The very strong fully recovered labor market is still evident (and has been so for over a year now), but this week, the 28th in the year, is the week that auto refits take place and auto and auto parts layoff their workforce for 2 weeks. But the non seasonally adjusted, here mapped out in colors, with the year in the x and the week in the y shows, shows - by scanning down the week 28 row since 1992 - that this auto refit is basically not occurring. This is shown by the dark brown color versus all other boxes being lighter brown or white (I cap the data at 400,000 or lower which provides a more nuanced color gradient.
This shows a very healthy labor market as well as strong durable goods sales (autos), and increase in durable goods inventories (again autos). This should add .2 to ,3 to 3rd Q GDP and shows momentum from 2nd Q GDP which suggests it may be a surprise on the upside and then readjusted upwards. 3rd Q GDP may very well top 3%.

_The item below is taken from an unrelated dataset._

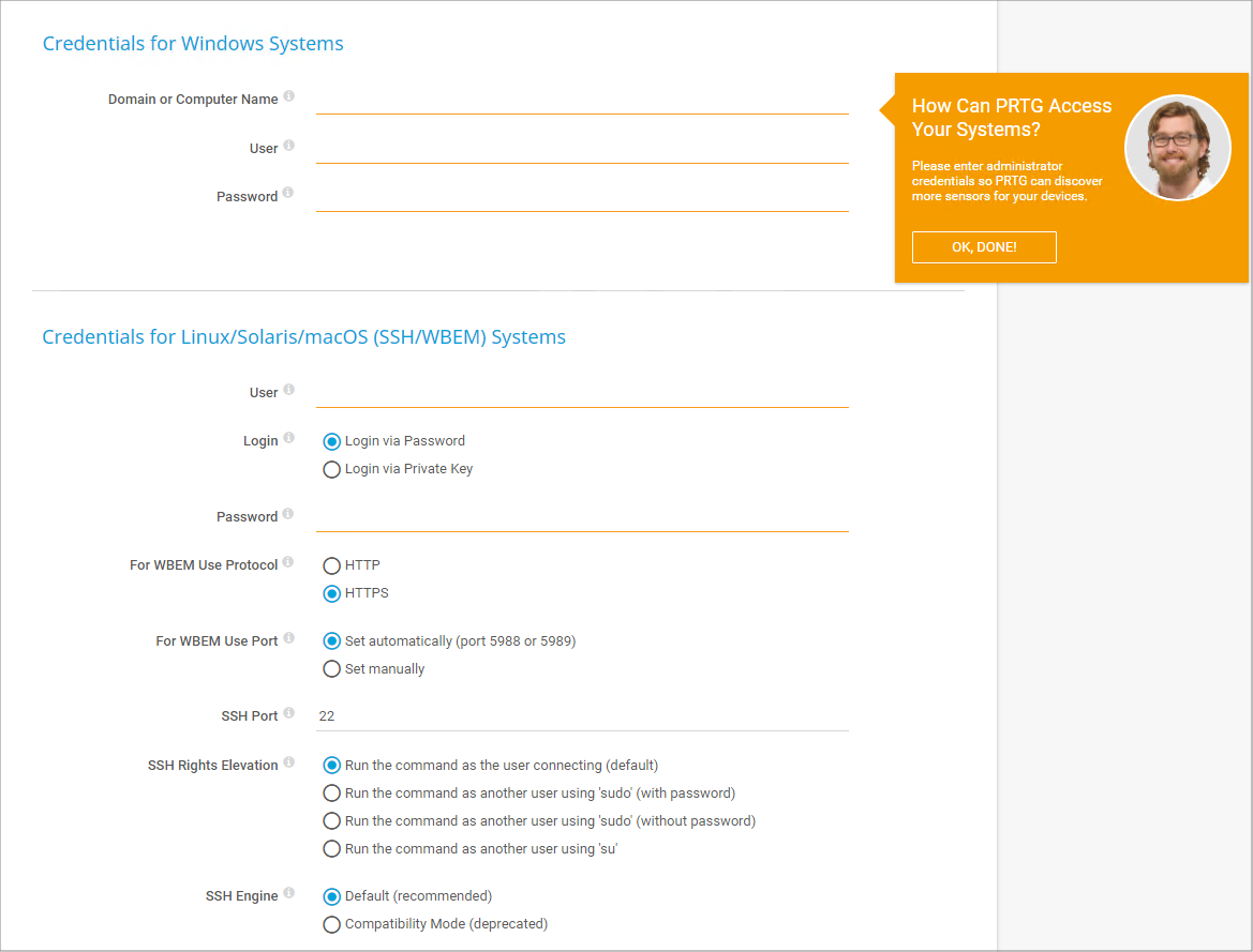 - If you have systems that run on Linux, Solaris, or macOS, enter root access credentials for these systems. For a general introduction to Secure Shell (SSH) monitoring, see section Monitoring via SSH.

The above claims data coordinates well with the JOLTS data, but is completely out of whack with monthly employment data. Since claims data is an all encompassing census and not a sample based survey like the monthly employment, it is reasonable to consider claims data as more useful and to not see useful accuracy in the monthly data. This is why the BLS outlines that they will adjust and calibrate the monthly data to the accurate claims data, for whatever reason the BLS is not doing so in this business cycle while they have done so in every business cycle prior.